José Manuel Isla Hevia (2 October 1916 – 17 October 1971) was a Chilean lawyer and politician, member of the Falange Nacional and later the Christian Democratic Party.

He was deputy from 1957 to 1961 and again from 1965 to 1969; he served as Vice President of the Chamber of Deputies from 25 May 1965 to 31 January 1967; elected senator in 1969, serving until his death in 1971.

==Early life==
He was born in Melipilla on 2 October 1916, son of Pedro Isla and Teresa Hevia Alfaro. He studied primary in Colegio San Ignacio (1925-1929) and secondary at Instituto O'Higgins of Rancagua and Liceo de San Fernando. He studied law at the University of Chile and Pontificia Universidad Católica de Chile, graduating in 1945 with the thesis "Bases para una Futura Legislación de Crédito Agrícola".
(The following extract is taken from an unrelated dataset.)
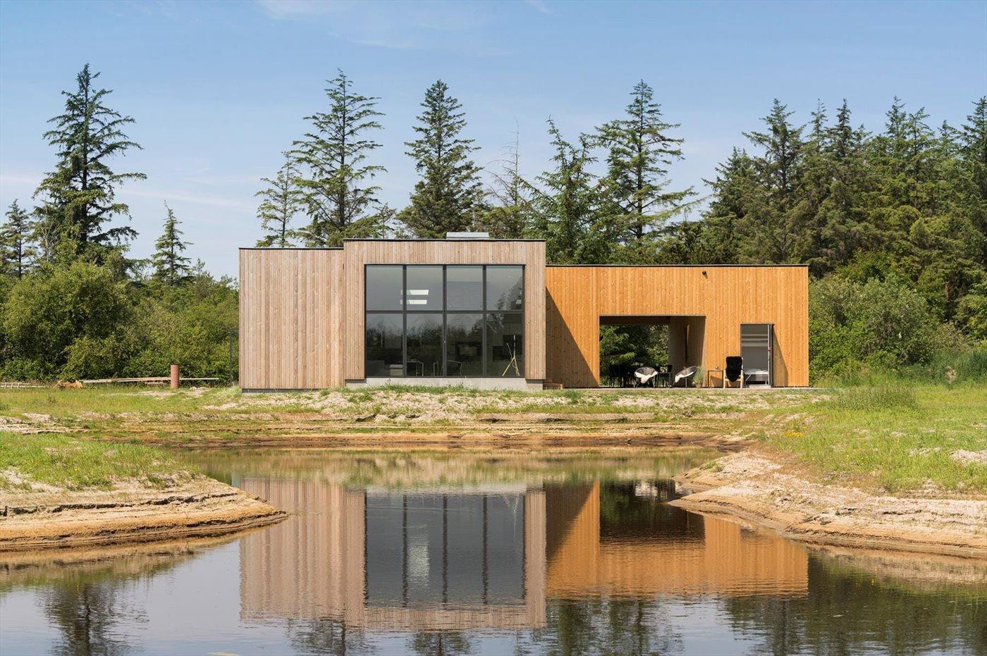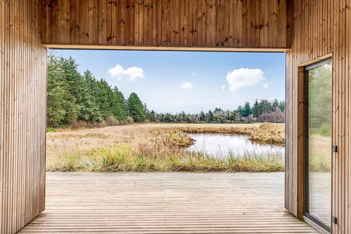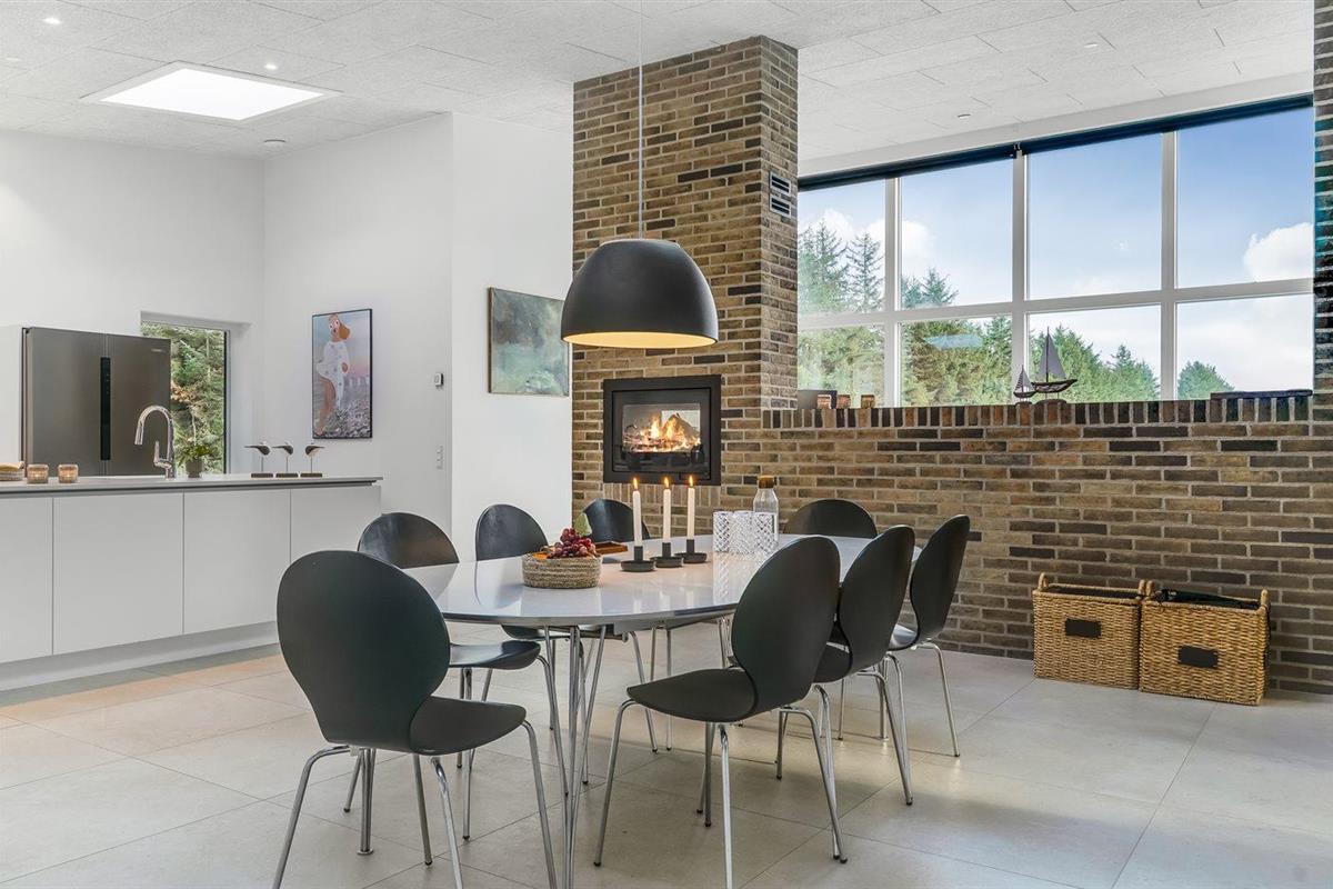 Modern vakantiehuis in Saltum met vloerverwarming, houtkachel, en elektrische laadpaal op groot natuurterrein.

He married María Estela Godoy Silva; they had two daughters: María Loreto and María Valeria.

==Political career==
He began his political activity in the Falange Nacional during university, serving as secretary general in 1945. He later joined the Christian Democratic Party in 1957.

He was elected deputy in 1957-1961 and again in 1965-1969, representing the 9th Departmental Grouping (Rancagua, Cachapoal, Caupolicán and San Vicente), serving on commissions including Defense National, Government Interior, Foreign Relations, Vías y Obras Públicas, Educación Pública, and Minería e Industria.

Between 25 May 1965 and 31 January 1967 he was Vice President of the Chamber of Deputies.

In 1969 he was elected senator for the O'Higgins & Colchagua provinces. His term was interrupted by his death on 17 October 1971.

==Later life and death==
During his senatorial term, on 9 February 1970 he suffered a serious car accident in Santiago, which left him with lasting physical effects. He died on 17 October 1971 in Santiago. A special election was held on 16 January 1972 to fill his seat, won by Rafael Moreno Rojas.